Compare responses from multiple Large Language Models (LLMs) side-by-side with custom parameters, timing metrics, and cost estimates.

✨ Features

Multi-Provider Support: OpenAI, Anthropic, Google (Gemini), Cohere, and Mistral
Dynamic Model Selection: Add multiple models with a simple + button interface
Custom Parameters: Configure temperature, top_p, max_tokens, and provider-specific parameters
Performance Metrics: Track response time for each model
Cost Estimation: Calculate estimated cost per 1000 API calls
Parallel Execution: All models are queried simultaneously for faster results
CSV Export: Export comparison results for further analysis
Unique Model Selection: Prevents duplicate model configurations

🚀 Getting Started

Installation

pip install -r requirements.txt

Run Locally

python app.py

The application will launch in your browser at http://localhost:7860

📖 How to Use

1. Select Models

Choose a Provider (OpenAI, Anthropic, Google, etc.)
Select a Model from the dropdown
Configure Parameters:
- Temperature (0-2): Controls randomness
- Top P (0-1): Nucleus sampling parameter
- Max Tokens: Maximum response length
- Top K: (Model-specific) Number of top tokens to consider
- Frequency/Presence Penalty: (Model-specific) Token repetition control

2. Add Models

Click the ➕ Add Model button to add the configured model to your comparison
Repeat to add multiple models with different configurations
Each model must be unique (same model with different parameters is allowed)

3. Enter API Keys

Provide API keys for the providers you want to use
Keys are only required for the providers you've selected
API keys are not stored and are only used for the current session

4. Run Comparison

Enter your prompt in the text area
Click 🚀 Run Comparison to query all selected models
Results will appear in a table showing:
- Model name and parameters
- Response time
- Estimated cost per 1000 calls
- Model output

5. Export Results

Click 📥 Export to CSV to download the results
The CSV file includes all comparison data with timestamps

💰 Pricing Information

The tool uses current pricing (per 1M tokens) for cost estimation:

OpenAI

GPT-4o: $2.50 input / $10.00 output
GPT-4o-mini: $0.15 input / $0.60 output

Anthropic

Claude 3.5 Sonnet: $3.00 input / $15.00 output
Claude 3.5 Haiku: $0.80 input / $4.00 output

Google

Gemini 1.5 Pro: $1.25 input / $5.00 output
Gemini 1.5 Flash: $0.075 input / $0.30 output

Note: Prices are estimates and may vary.
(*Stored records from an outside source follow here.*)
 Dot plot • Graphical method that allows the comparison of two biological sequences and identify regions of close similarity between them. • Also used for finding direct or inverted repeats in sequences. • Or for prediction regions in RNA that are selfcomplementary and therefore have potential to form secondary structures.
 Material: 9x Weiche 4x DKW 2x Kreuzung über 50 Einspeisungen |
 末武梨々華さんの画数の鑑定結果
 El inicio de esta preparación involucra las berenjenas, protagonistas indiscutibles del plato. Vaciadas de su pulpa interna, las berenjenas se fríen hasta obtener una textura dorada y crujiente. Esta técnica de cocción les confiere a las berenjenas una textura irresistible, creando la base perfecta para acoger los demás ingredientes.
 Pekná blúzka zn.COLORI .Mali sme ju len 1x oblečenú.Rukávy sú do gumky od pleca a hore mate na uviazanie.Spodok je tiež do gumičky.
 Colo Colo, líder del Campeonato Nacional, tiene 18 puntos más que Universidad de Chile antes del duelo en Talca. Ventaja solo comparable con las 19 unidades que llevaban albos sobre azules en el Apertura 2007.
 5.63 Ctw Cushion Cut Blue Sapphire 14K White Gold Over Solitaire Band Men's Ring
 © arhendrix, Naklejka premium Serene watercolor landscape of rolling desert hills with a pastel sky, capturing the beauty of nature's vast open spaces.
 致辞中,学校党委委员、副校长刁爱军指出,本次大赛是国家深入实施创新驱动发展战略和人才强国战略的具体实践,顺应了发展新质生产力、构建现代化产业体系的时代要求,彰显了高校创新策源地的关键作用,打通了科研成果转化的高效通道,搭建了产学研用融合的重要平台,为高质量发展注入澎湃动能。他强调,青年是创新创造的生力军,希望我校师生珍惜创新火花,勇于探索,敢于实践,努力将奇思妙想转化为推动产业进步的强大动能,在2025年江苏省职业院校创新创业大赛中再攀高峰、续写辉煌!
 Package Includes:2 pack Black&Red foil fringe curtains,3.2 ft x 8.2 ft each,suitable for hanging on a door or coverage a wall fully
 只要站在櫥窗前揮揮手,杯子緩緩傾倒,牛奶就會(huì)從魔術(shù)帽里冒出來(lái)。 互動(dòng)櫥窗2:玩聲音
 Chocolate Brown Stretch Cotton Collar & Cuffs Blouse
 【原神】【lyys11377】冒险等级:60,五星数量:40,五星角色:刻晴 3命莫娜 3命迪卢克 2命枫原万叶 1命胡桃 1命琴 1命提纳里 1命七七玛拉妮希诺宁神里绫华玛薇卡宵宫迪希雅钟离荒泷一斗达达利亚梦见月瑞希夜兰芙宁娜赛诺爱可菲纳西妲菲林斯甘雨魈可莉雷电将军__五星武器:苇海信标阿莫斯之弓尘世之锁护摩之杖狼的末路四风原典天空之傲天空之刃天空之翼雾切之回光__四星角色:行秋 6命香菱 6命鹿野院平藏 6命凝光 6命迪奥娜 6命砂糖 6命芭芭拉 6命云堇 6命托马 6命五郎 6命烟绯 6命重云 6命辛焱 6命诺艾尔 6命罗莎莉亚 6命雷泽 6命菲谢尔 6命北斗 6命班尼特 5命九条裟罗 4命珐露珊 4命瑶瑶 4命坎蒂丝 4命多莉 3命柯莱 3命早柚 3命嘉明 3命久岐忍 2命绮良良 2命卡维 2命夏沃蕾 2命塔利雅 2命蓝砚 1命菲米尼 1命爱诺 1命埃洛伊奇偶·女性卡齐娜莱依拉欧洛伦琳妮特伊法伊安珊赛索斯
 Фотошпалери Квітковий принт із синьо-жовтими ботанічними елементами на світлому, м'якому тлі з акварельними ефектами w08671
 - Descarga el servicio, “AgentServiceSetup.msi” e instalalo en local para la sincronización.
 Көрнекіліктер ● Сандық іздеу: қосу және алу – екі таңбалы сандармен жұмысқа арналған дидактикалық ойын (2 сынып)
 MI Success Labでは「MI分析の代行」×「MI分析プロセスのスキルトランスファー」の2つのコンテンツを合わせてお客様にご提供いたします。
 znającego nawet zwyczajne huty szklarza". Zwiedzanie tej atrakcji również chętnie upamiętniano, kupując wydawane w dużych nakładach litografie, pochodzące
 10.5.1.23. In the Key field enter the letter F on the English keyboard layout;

Check provider documentation for current rates.

🔑 API Keys

You need API keys from the providers you want to use:

OpenAI: https://platform.openai.com/api-keys
Anthropic: https://console.anthropic.com/
Google: https://aistudio.google.com/app/api-keys
Cohere: https://dashboard.cohere.com/api-keys
Mistral: https://console.mistral.ai/

📋 Supported Parameters by Provider

Parameter	OpenAI	Anthropic	Google	Cohere	Mistral
Temperature	✅	✅	✅	✅	✅
Top P	✅	✅	✅	✅	✅
Max Tokens	✅	✅	✅	✅	✅
Top K	❌	✅	✅	✅	❌
Frequency Penalty	✅	❌	❌	✅	❌
Presence Penalty	✅	❌	❌	✅	❌

🛠️ Technical Details

Framework: Gradio 4.0+
Async Support: All API calls are executed in parallel using asyncio
Error Handling: Graceful error messages for API failures
Token Estimation: Accurate for OpenAI/Anthropic, estimated for others

📝 License

MIT License - See LICENSE file for details

🤝 Contributing

Contributions are welcome! Feel free to submit issues or pull requests.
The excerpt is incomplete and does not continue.